Presto! If our poor Ugandan can find an American company that supposedly aided the Ugandan government in violating the law of nations, then our Ugandan can present his or her claim to an American jury. That's a switch in defendant (private actor), law (the "law of nations" instead of the law of Uganda), and forum (American jury instead of whoever the heck decides cases in Uganda) that could do a plaintiff a world of good.

In a very narrow set of circumstances, allowing these types of claims may make good sense. But if the Alien Tort Statute is loosened from its mooring, American companies will be in a heap of trouble awfully fast.

"As a moth is drawn to light, so is a litigant drawn to the United States." Smith Kline & French Labs v. Bloch, 2 All E.R. 72, 74 (1983). If American courts are opened to litigants from around the world, our courts will quickly spend much of their time resolving disputes that properly belong in the courts of other countries.

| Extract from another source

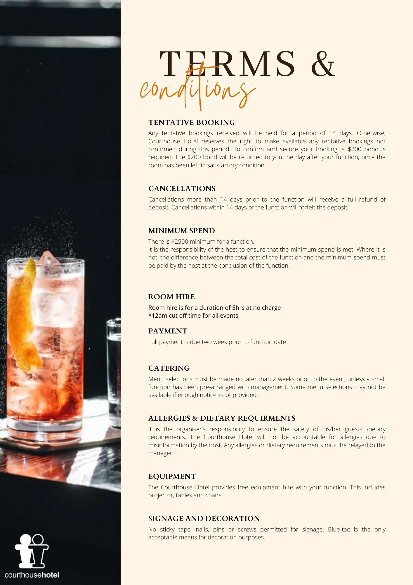 The Courthouse can cater your event in style and with attention to detail. Be it a birthday, anniversary, christening, engagement; wake, work gathering, or meeting; we have a versatile private space available to suit every occasion, with indoor and outdoor options on the newly renovated rooftop.

If, for example, a large American company has a factory in China, then a class of tens of thousands of Chinese plaintiffs might sue that company in an American federal court for conspiring with the Chinese government to deny the plaintiffs their political rights. It's American-style litigation for everyone!

That's why the Abdullahi decision is so dangerous. When courts properly read "the law of nations" narrowly, they limit the number of claims by foreigners that can be brought in American courts. But, in Abdullahi, the Second Circuit read the "law of nations" broadly. The court found that the duty to obtain informed consent for clinical trials is not simply a matter of U.S. (or other countries') domestic law, but rather is customary international law. To reach that conclusion, the panel majority relied on the International Covenant on Civil and Political Rights (which does not create privately enforceable rights), non-binding ethical guidelines of private organizations (which hardly constitute "the law of nations"), the Nuremberg Code (which applied only in the context of a "war crime"), and assorted other directives (all of which post-dated the 1996 clinical trial involved in the lawsuit).

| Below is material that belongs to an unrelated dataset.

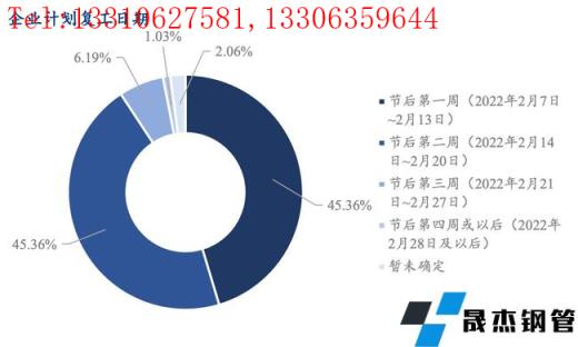 調研樣本中45.36%的企業在節后第一周復工,45.36%的樣本在節后第二周復工,還有1.03%的企業尚未確定復工時間。

This expansive interpretation of the Alien Tort Statute is bad news for drug companies, as well as all other companies that do business internationally. Although Abdullahi arises in the context of a clinical trial (and many drug companies conduct clinical trials overseas), the case is not limited to that context. Abdullahi will surely be cited by many future foreign plaintiffs trying to obtain access to American courts and generous American juries.

Here's the good news: Pfizer has petitioned for a rehearing or rehearing en banc in Abdullahi and, since Judge Wesley dissented, that petition will have some support within the court. If that route fails, many justices on the U.S. Supreme Court have expressed their concerns about grafting foreign laws or the customary law of nations into causes of action that are recognized by American courts.

Although our crystal ball is cloudy, we're guardedly optimistic that the expansive view of the Alien Tort Statute espoused by Abdullahi will be be rejected by either the en banc Second Circuit or the U.S. Supreme Court. If that happens, we'll be there to report on the development.